The World’s First Bear Market

Posted by Bryan Taylor in Economic Data, Government, Stock Histories with no response yet

The United States stock market has been in bull-market mode for six years now, and some fear the stock market may be running out of steam.  By our count, there have been 25 bear markets in the United States since 1792 and 28 bear markets in the United Kingdom since 1692. Are we about to add to that list?

                This raises the question, when did that ugly bear first raise its head?  By our analysis, the first fateful year was 1692 when a four-year bear market began in England.  If we take the price of East India Company stock from March 1692 until July 1694, and the price of Bank of England stock from August 1694 until October 1696, the market fell almost 72% for the four years between March 1692 and 1696. The first bear market was also one of the worst.

The Nine Years War and the Four Year Bear Market 

What was the cause of the world’s first bear market?  Although CNBC wasn’t around in 1692 to tell us the causes, the most likely source was the setbacks the British army and the Dutch suffered at the hands of French troops in the Nine Year’s War (1688-1697), as well as the ongoing controversy over who was the true King of England.

                The groundwork for the Nine Year’s War had been laid a decade before. Louis XIV, the “Sun King”, emerged from the Franco-Dutch War in 1678 as the most powerful king in Europe, but Louis XIV of “L’etat c’est moi” fame, was not content and wanted to extend his gains. Louis XIV’s revocation of the Edict of Nantes in 1685 contributed to the deterioration in his military and political dominance outside of France, and when Louis XIV’s troops crossed the Rhine in September 1688, his opponents put together an alliance to stand up to the French King. Queen Mary of England, the Anglo-Dutch Stadtholder King William III, the Holy Roman Emperor Leopold I, King Charles II of Spain, Victor Amadeus II of Savoy and major and minor princes of the Holy Roman Empire formed an alliance to stop Louis XIV.
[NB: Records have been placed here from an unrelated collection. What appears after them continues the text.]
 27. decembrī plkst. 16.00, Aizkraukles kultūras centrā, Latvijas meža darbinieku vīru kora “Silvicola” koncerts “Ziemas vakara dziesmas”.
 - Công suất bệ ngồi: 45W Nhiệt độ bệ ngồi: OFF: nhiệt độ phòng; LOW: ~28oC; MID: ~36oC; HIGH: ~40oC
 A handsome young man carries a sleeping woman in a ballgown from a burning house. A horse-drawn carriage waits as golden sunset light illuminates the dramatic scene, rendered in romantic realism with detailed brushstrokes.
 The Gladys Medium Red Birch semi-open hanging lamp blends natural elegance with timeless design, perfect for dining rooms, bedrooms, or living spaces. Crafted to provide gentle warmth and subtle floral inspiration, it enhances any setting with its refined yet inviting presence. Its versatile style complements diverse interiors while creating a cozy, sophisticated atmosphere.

                Most of the fighting occurred near France’s borders, mainly in the Spanish Netherlands and the Rhineland. Although there was a fear of a French invasion of England at the beginning of the war, this never occurred, in part because of victory at the Battles of Barfleur and La Hogue between May 29 and June 4, 1692. Nevertheless, Anglo-Dutch forces were defeated at the Battle of Steenkerqe on August 3, 1692, and the Dutch and English suffered defeats at the Battle of Lagos off Portugal on June 27, 1693 (N.S.) and the Battle of Landen near Neerwinden on July 19, 1693 (N.S.). These defeats began to be reflected in the stock market.

The expense of the war gradually led to financial exhaustion of the participating countries. To help the King William III fight these wars, the Bank of England was established on July 27, 1694 to provide funds to the crown. In exchange for the establishment of the Bank of England, the king received a loan that would never have to be paid back. After Queen Mary died on December 28, 1694, King William III became the sole ruler of England.
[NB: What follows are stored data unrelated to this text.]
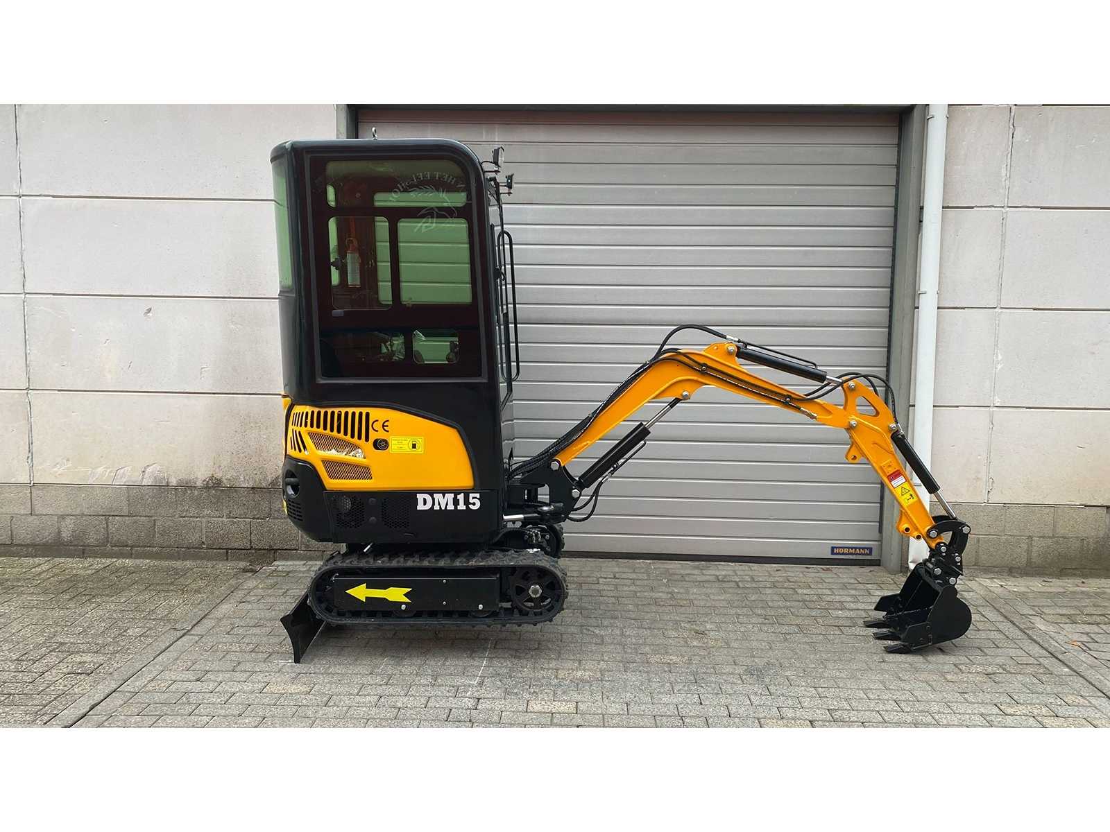 Machine type: DM15/cabinette Engine type: Diesel engine, 2 cylinders Engine size: 11 HP, 8.3 kW, 12 RPM Engine manufacturer: KUBOTA (Z482) Starting system: Electric with key Drive: Fixed Tracks Speed V/A: +- 3.5 km/h Swivel digging arm: 70 degrees (left & right) Swing radius: 360 degrees Max. inclination angle: 30 degrees Braking system: Automatic safety brake Gross weight : +- 1500kg Net weight : +- 1400 kg Model Number: DM15PRO Auction-ID: A3-43507-21212
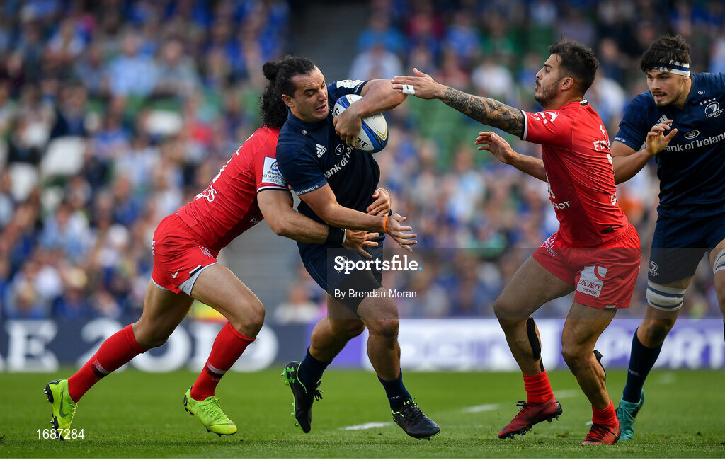 21 April 2019; James Lowe of Leinster is tackled by Yoann Huget and Sébastien Bézy of Toulouse during the Heineken Champions Cup Semi-Final match between Leinster and Toulouse at the Aviva Stadium in Dublin. Photo by Brendan Moran/Sportsfile
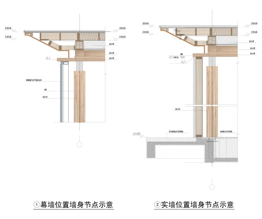 在兼顧立面效果和結(jié)構(gòu)強(qiáng)度的同時(shí),屋頂與幕墻、實(shí)墻的連接處,技術(shù)團(tuán)隊(duì)創(chuàng)新性地采用頂部檐口做薄覆以斜面CLT的方式。既解決了檐口裝飾,又解決了幕墻收口,并于結(jié)構(gòu)形成的凹槽處設(shè)置燈帶,美化了建筑夜景表現(xiàn)。
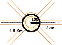 A boy is moving on a straight road against a frictional force of 5 N. After travelling a distance of 1.5 km he forgot the correct path at a round about (Fig. 11.1) of radius 100 m. However, he moves on the circular path for one and half cycle and then he moves forward upto 2.0 km. Calculate the work done by him.

When Savoy defected from the Alliance, the Allies and France were eager to negotiate a settlement. The war finally came to an end with the Treaty of Ryswick, signed on September 20, 1697 in which Louis XIV retained Alsace, gave up Lorraine and recognized William III as the sole ruler of England, Scotland and Ireland.

From Bear to Bubble

During the war, the price of East India Company stock fell from 158 on March 30, 1692 to 38 on November 6, 1696 while Bank of England stock fell from a par of 100 in August 1694 to 60 on October 16, 1696.  From there, both stocks began to rise in value as the Nine Year’s War began to wind down.
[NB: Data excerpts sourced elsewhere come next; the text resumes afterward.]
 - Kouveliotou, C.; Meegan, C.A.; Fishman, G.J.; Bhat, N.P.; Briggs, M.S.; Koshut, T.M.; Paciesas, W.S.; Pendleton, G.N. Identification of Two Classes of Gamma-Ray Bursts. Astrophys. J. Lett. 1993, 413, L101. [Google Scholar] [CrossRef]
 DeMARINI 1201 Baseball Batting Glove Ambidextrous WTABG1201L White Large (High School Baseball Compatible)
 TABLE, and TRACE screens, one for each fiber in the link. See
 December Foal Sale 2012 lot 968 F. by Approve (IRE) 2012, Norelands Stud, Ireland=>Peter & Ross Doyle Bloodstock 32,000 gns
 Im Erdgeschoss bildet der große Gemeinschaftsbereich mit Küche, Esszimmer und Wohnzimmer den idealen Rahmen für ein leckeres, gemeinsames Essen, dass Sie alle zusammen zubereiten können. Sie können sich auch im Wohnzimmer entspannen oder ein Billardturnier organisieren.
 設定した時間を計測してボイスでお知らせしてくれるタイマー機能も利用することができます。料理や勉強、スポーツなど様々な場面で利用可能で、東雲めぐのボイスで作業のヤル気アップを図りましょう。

Peace prevailed in Europe until 1701 when the War of the Spanish Succession was fought over who had the right to succeed Charles II as the King of Spain. The war ended with the Peace of Utretcht in 1713 which recognized Philip V as the King of Spain; however, the war further impoverished France, Great Britain, the Netherlands and other participants. 

In part, because of the burden of the war debts and a poorly performing economy, John Law was able to convince the French government to use his plan to convert war debts into stock in the Compagnie des Indes and inflate the economy by issuing paper money.  England followed in France’s footsteps and converted government debt into shares of South Sea Stock. Out of the ashes of the world’s first bear market and the debts that were piled up from the British and French wars, the foundations were laid for the world’s first stock market bubble in the Compagnie des Indes in France and South Sea stock in England.  That, alas, is another story.